- **EXCERPTED RECORDS**
____
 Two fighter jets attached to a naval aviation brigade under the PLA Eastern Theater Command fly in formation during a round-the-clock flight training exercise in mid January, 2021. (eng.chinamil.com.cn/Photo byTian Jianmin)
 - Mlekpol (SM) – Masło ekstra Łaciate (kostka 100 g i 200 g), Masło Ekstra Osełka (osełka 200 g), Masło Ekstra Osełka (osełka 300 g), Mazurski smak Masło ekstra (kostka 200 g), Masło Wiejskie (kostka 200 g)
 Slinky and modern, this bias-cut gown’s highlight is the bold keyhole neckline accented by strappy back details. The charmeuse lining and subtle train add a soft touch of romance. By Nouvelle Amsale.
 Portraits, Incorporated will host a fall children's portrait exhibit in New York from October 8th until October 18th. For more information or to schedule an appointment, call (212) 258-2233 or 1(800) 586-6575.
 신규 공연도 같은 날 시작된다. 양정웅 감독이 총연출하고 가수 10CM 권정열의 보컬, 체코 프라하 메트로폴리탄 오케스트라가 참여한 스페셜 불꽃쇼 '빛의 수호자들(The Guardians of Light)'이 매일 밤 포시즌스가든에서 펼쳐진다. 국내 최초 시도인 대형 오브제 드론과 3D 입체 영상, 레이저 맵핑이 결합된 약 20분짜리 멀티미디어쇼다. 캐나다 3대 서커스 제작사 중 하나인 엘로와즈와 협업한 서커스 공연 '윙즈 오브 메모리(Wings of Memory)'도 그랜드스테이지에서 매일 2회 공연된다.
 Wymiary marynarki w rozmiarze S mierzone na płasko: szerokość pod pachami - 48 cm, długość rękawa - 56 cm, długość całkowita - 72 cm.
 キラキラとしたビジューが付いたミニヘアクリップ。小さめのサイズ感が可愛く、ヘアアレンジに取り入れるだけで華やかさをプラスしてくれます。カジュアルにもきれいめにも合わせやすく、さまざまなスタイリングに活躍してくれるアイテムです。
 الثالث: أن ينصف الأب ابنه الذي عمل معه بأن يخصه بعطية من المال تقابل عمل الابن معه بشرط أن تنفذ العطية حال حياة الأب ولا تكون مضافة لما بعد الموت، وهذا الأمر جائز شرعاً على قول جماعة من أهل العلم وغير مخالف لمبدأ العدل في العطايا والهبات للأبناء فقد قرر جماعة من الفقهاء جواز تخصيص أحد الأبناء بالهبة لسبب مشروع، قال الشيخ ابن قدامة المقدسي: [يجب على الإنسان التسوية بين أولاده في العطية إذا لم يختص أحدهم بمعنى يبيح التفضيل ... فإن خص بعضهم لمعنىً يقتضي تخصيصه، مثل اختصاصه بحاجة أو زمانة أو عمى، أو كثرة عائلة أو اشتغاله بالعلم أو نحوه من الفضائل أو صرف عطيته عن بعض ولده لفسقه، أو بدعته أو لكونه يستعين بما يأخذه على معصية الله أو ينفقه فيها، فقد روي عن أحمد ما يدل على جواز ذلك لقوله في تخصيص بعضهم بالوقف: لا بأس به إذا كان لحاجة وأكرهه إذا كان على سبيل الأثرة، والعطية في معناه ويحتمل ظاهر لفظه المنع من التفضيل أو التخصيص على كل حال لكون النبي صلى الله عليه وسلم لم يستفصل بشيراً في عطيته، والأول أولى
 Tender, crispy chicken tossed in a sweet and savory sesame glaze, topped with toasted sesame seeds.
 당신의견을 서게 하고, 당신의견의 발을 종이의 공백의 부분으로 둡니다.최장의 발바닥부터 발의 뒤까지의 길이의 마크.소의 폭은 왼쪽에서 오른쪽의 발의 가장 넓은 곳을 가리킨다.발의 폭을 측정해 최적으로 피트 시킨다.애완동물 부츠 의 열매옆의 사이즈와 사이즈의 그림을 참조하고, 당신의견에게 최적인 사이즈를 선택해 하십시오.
____
- **DIRECTIONS FOR THIS TASK**
Your output should consist solely of the lines from the beginning of the entries through the line containing "Portraits, Incorporated will", reproduced exactly.

- **ANSWER**
 Two fighter jets attached to a naval aviation brigade under the PLA Eastern Theater Command fly in formation during a round-the-clock flight training exercise in mid January, 2021. (eng.chinamil.com.cn/Photo byTian Jianmin)
 - Mlekpol (SM) – Masło ekstra Łaciate (kostka 100 g i 200 g), Masło Ekstra Osełka (osełka 200 g), Masło Ekstra Osełka (osełka 300 g), Mazurski smak Masło ekstra (kostka 200 g), Masło Wiejskie (kostka 200 g)
 Slinky and modern, this bias-cut gown’s highlight is the bold keyhole neckline accented by strappy back details. The charmeuse lining and subtle train add a soft touch of romance. By Nouvelle Amsale.
 Portraits, Incorporated will host a fall children's portrait exhibit in New York from October 8th until October 18th. For more information or to schedule an appointment, call (212) 258-2233 or 1(800) 586-6575.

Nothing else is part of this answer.